_Task to complete_
From the records below, please repeat exactly the line that has "Стильный и красивый", the line that has "纪念大会上举行了捐赠签约仪式", and every line between them, and nothing else.
[Stored data — start]
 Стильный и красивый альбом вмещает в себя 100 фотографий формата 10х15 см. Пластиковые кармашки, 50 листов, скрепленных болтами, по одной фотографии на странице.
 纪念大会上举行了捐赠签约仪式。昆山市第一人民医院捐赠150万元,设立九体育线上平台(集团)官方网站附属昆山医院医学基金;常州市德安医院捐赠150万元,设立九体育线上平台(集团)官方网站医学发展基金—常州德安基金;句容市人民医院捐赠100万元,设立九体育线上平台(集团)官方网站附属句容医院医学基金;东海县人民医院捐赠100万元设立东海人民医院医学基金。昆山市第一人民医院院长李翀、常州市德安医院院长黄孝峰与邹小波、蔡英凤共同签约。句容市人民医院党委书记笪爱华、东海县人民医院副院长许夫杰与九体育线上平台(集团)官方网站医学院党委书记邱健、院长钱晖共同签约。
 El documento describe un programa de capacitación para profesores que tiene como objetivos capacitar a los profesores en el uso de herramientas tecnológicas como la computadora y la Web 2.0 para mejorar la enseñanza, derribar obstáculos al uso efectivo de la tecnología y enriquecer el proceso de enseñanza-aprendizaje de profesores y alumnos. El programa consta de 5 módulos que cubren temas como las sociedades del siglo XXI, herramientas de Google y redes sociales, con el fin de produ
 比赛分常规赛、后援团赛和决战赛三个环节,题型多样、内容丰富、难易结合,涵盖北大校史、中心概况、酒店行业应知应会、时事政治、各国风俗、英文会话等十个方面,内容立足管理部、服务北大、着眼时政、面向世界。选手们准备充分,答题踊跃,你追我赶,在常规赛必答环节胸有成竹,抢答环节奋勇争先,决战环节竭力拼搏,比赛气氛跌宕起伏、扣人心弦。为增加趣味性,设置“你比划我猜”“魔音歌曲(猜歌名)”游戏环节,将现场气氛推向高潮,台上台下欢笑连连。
[Stored data — finish]
[Stored data — start]
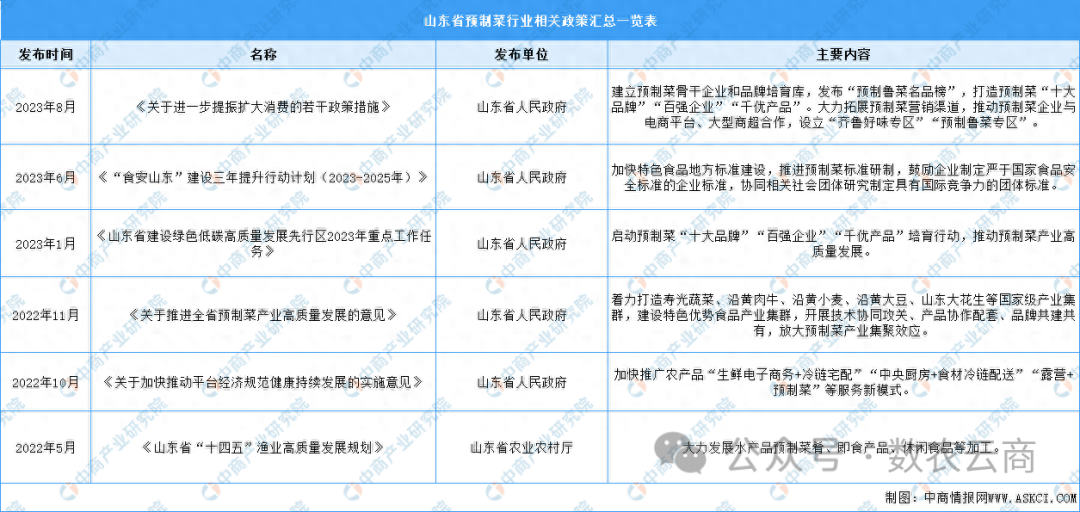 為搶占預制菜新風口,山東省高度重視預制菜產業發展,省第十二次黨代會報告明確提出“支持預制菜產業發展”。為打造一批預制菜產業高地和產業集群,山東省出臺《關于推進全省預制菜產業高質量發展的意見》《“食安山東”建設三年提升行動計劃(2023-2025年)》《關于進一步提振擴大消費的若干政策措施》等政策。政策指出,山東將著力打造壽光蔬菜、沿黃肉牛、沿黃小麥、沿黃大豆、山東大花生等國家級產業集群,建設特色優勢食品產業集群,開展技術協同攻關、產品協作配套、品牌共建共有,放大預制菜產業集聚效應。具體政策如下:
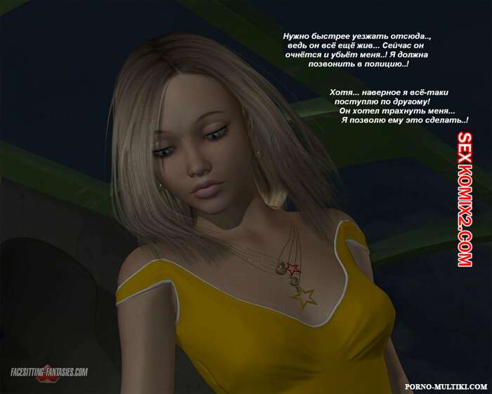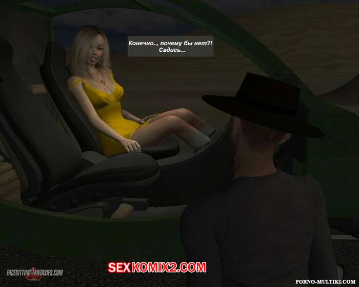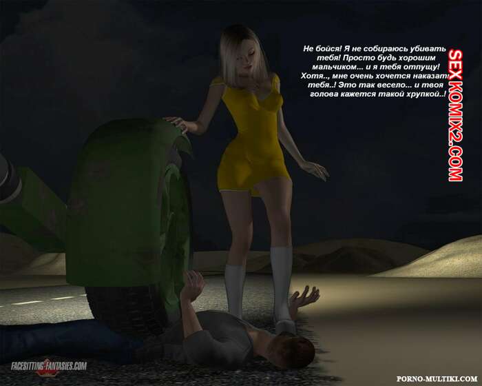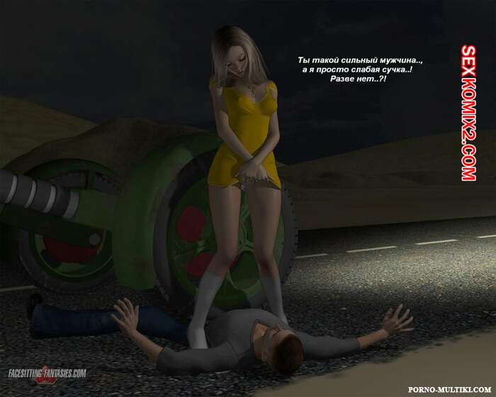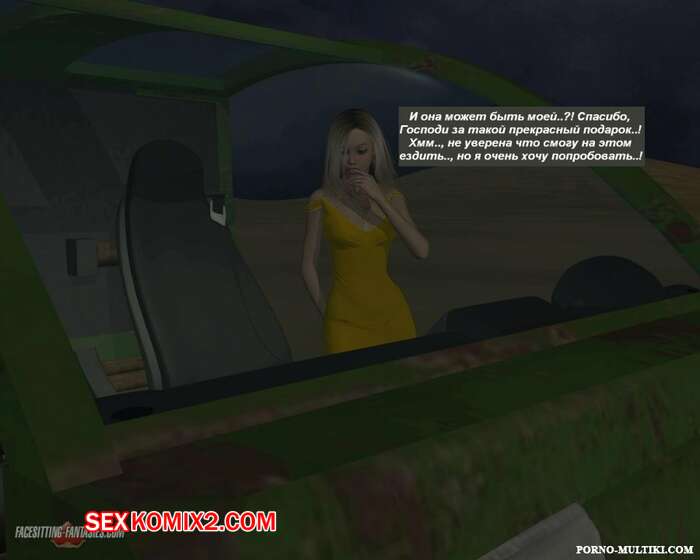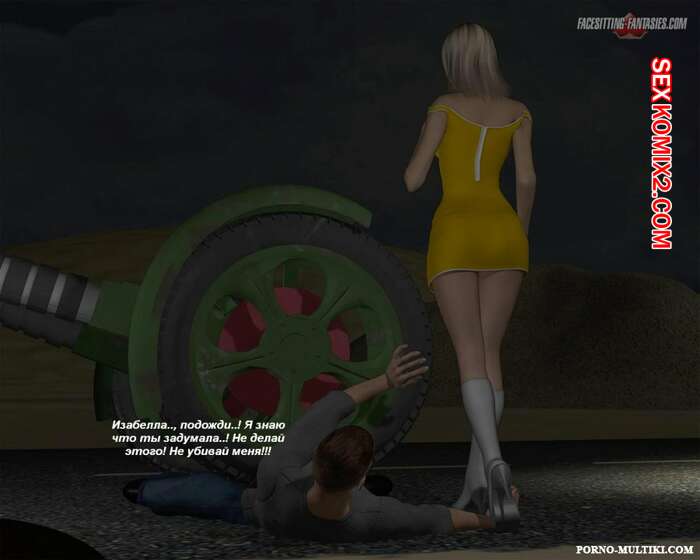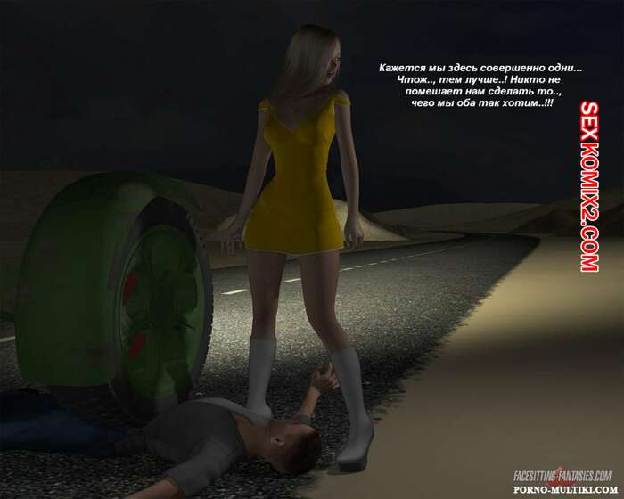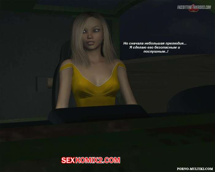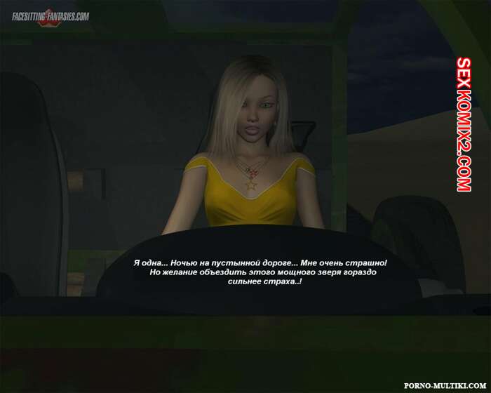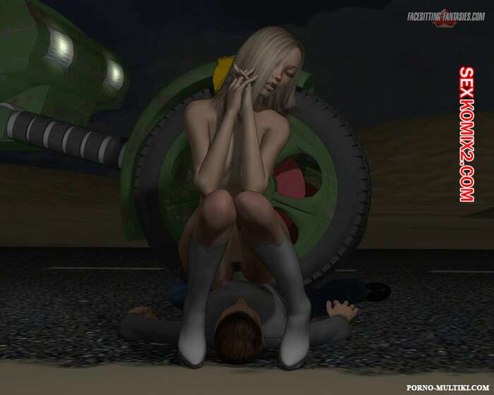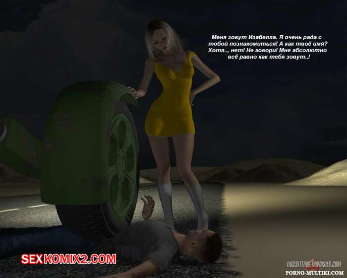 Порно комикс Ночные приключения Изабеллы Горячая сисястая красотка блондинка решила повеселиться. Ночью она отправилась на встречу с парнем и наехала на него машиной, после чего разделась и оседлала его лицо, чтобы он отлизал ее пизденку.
[Stored data — finish]
_Result_
 Стильный и красивый альбом вмещает в себя 100 фотографий формата 10х15 см. Пластиковые кармашки, 50 листов, скрепленных болтами, по одной фотографии на странице.
 纪念大会上举行了捐赠签约仪式。昆山市第一人民医院捐赠150万元,设立九体育线上平台(集团)官方网站附属昆山医院医学基金;常州市德安医院捐赠150万元,设立九体育线上平台(集团)官方网站医学发展基金—常州德安基金;句容市人民医院捐赠100万元,设立九体育线上平台(集团)官方网站附属句容医院医学基金;东海县人民医院捐赠100万元设立东海人民医院医学基金。昆山市第一人民医院院长李翀、常州市德安医院院长黄孝峰与邹小波、蔡英凤共同签约。句容市人民医院党委书记笪爱华、东海县人民医院副院长许夫杰与九体育线上平台(集团)官方网站医学院党委书记邱健、院长钱晖共同签约。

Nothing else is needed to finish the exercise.